# GOAL OF THE EXERCISE
Print the listing below only from the line that has "第二局樊振東加強了主動上手,樊振東將林詩" through the line that has "Особенности: Ресурс клавиш", exactly, and drop any picture.

# SUPPLIED DATA
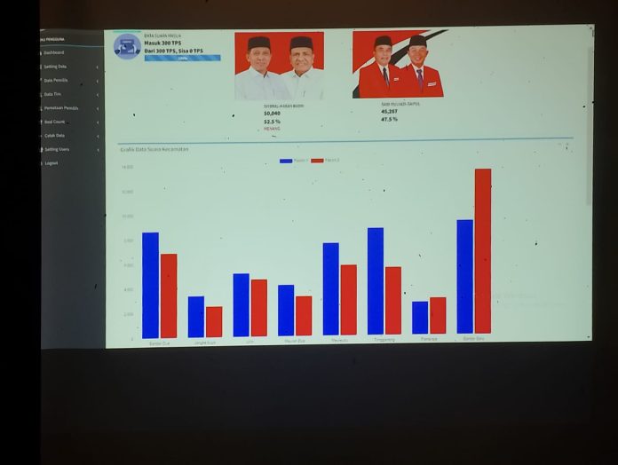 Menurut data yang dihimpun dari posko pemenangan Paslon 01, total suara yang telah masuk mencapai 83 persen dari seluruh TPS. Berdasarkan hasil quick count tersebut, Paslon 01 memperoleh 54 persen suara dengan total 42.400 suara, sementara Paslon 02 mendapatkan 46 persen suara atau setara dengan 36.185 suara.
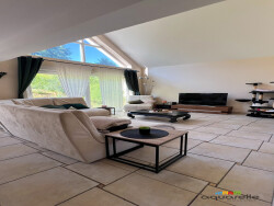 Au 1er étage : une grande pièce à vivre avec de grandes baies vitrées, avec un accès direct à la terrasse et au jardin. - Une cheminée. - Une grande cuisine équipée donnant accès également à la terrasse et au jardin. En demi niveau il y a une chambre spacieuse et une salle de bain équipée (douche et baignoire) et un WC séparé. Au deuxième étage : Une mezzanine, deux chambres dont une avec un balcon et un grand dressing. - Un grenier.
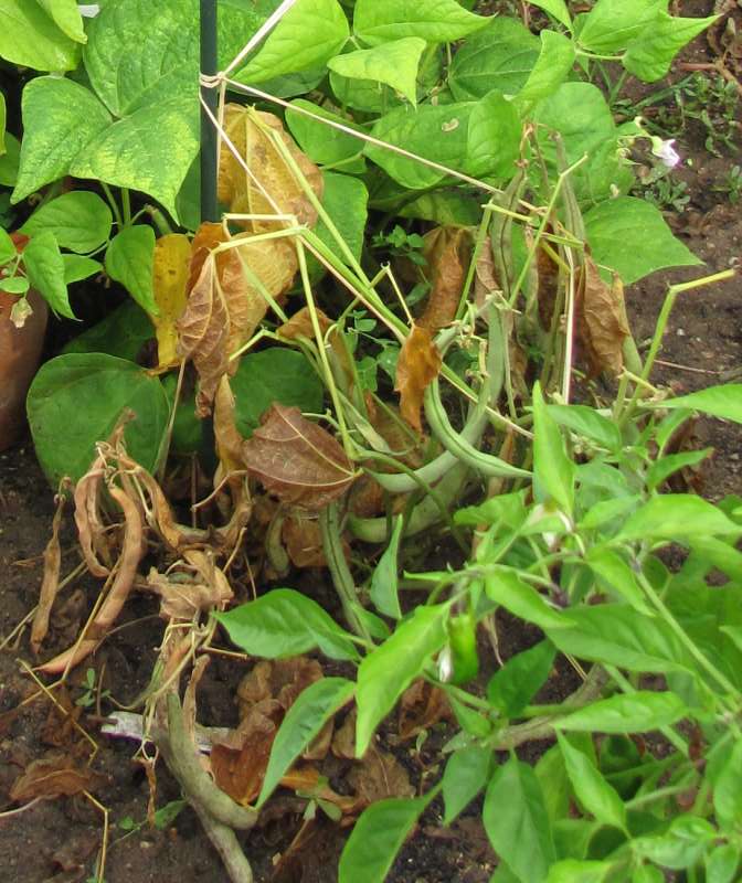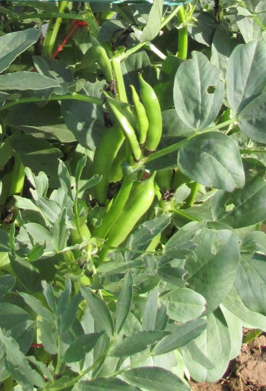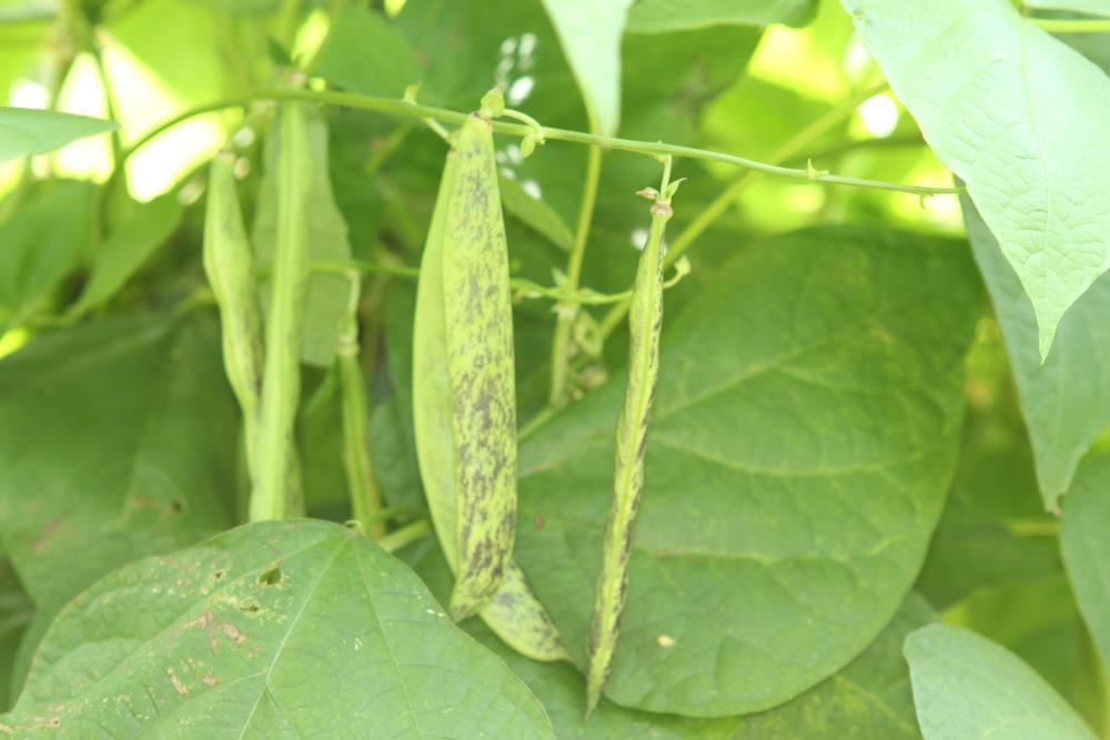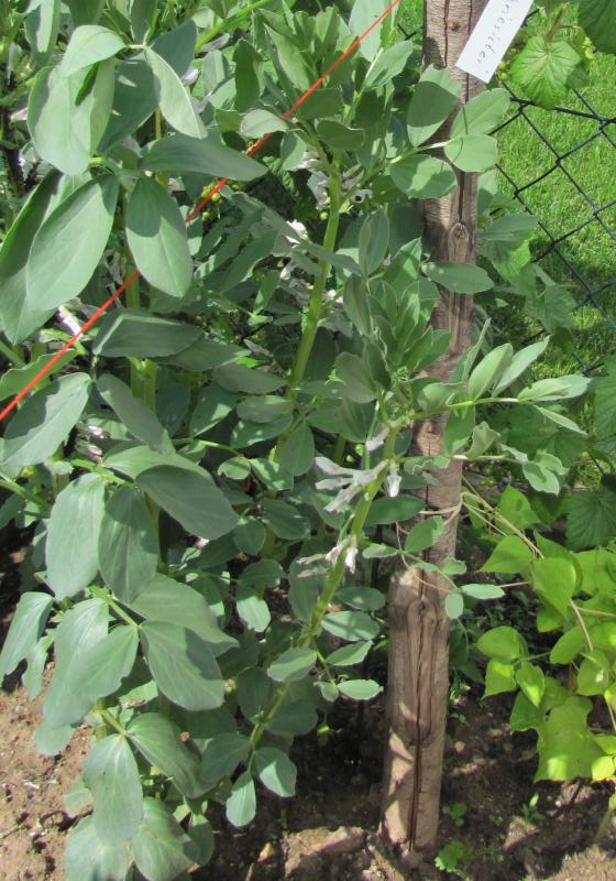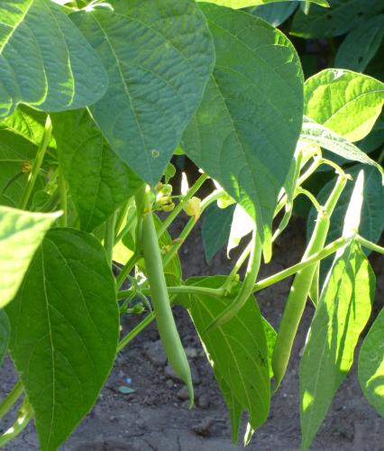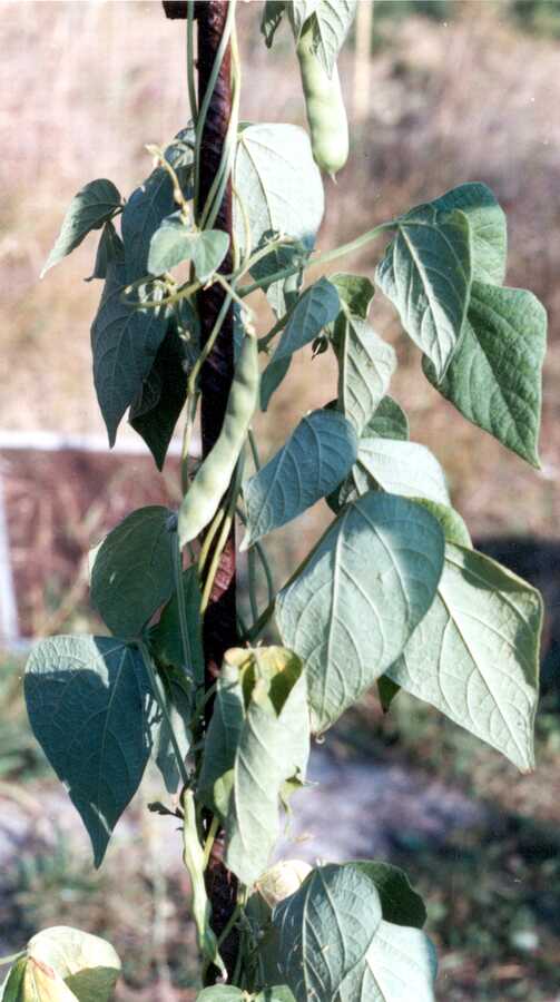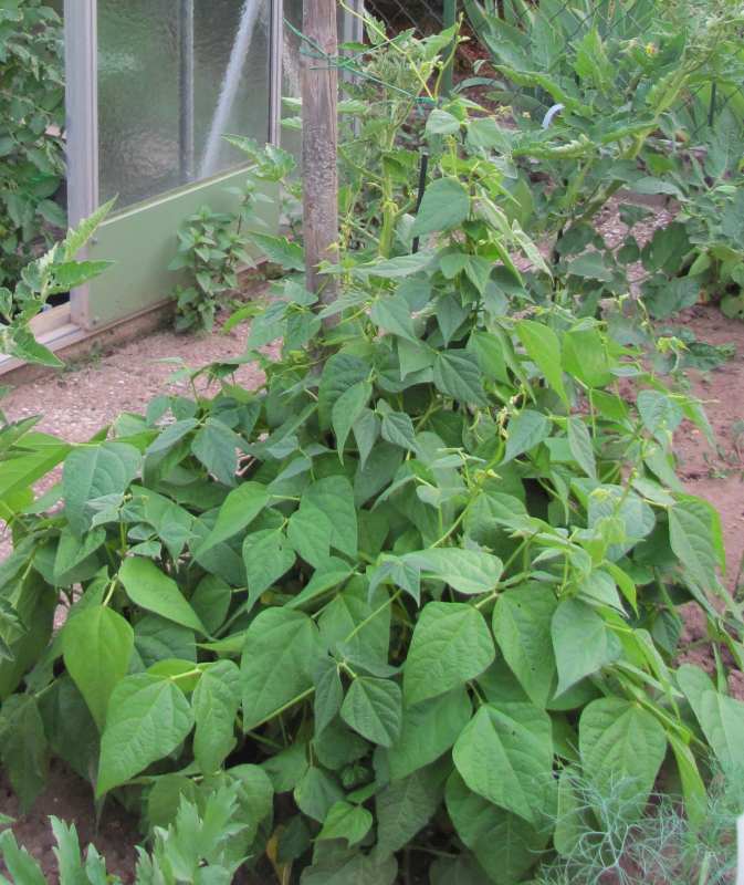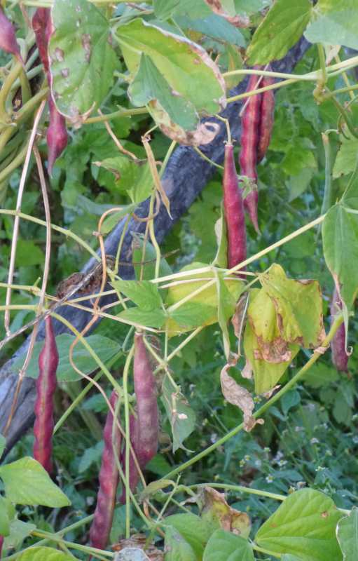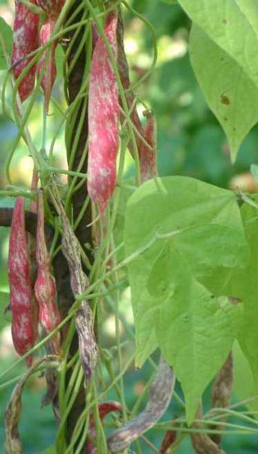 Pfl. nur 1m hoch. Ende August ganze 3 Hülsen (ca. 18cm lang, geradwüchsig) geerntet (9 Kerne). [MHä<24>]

--

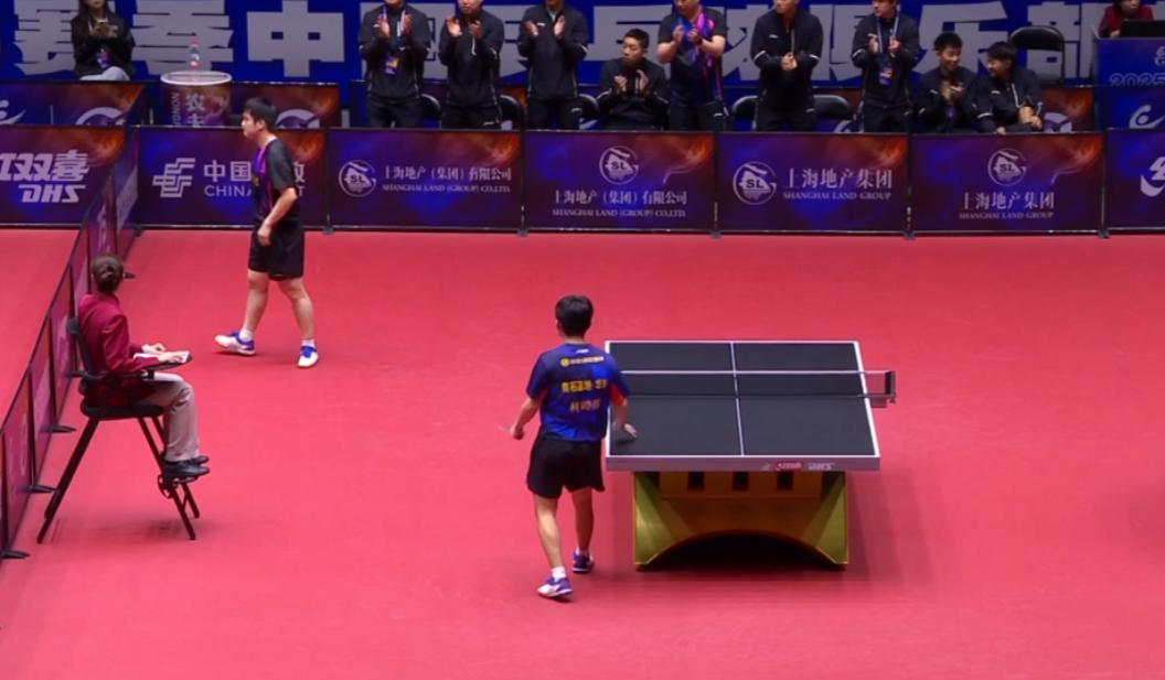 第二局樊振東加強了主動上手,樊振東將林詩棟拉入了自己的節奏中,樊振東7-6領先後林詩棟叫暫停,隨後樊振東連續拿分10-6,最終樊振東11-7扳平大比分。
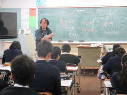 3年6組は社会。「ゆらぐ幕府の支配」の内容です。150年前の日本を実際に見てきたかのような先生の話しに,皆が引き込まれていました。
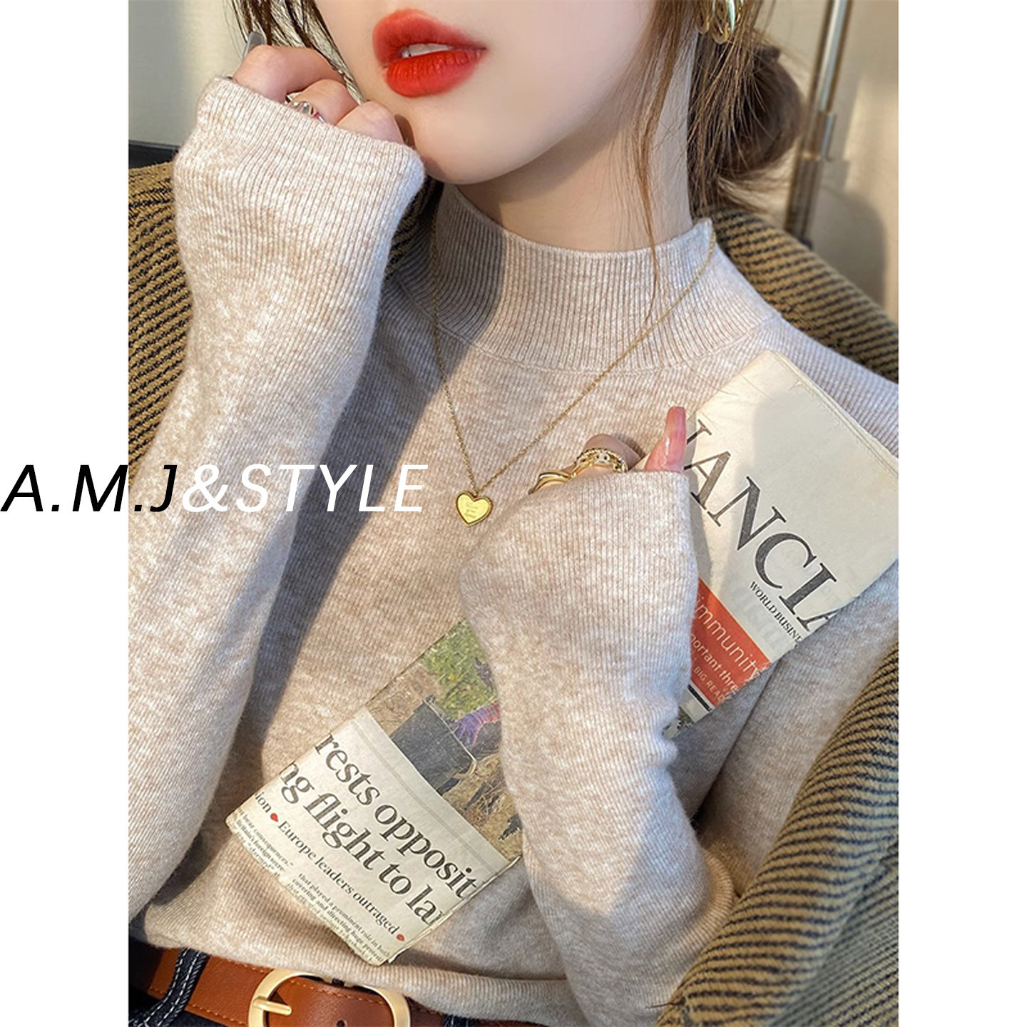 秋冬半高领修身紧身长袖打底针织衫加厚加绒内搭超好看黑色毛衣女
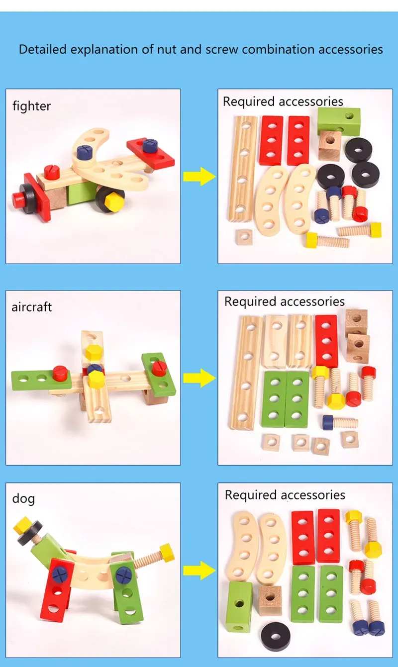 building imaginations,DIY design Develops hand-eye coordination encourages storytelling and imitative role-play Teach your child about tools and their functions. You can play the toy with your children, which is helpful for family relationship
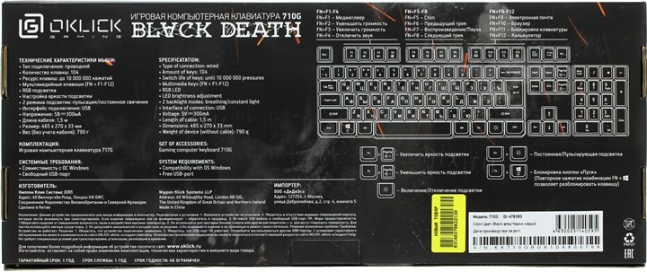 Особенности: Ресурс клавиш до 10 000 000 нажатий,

# EXERCISE RESULT
 第二局樊振東加強了主動上手,樊振東將林詩棟拉入了自己的節奏中,樊振東7-6領先後林詩棟叫暫停,隨後樊振東連續拿分10-6,最終樊振東11-7扳平大比分。
 3年6組は社会。「ゆらぐ幕府の支配」の内容です。150年前の日本を実際に見てきたかのような先生の話しに,皆が引き込まれていました。
 秋冬半高领修身紧身长袖打底针织衫加厚加绒内搭超好看黑色毛衣女
 building imaginations,DIY design Develops hand-eye coordination encourages storytelling and imitative role-play Teach your child about tools and their functions. You can play the toy with your children, which is helpful for family relationship
 Особенности: Ресурс клавиш до 10 000 000 нажатий,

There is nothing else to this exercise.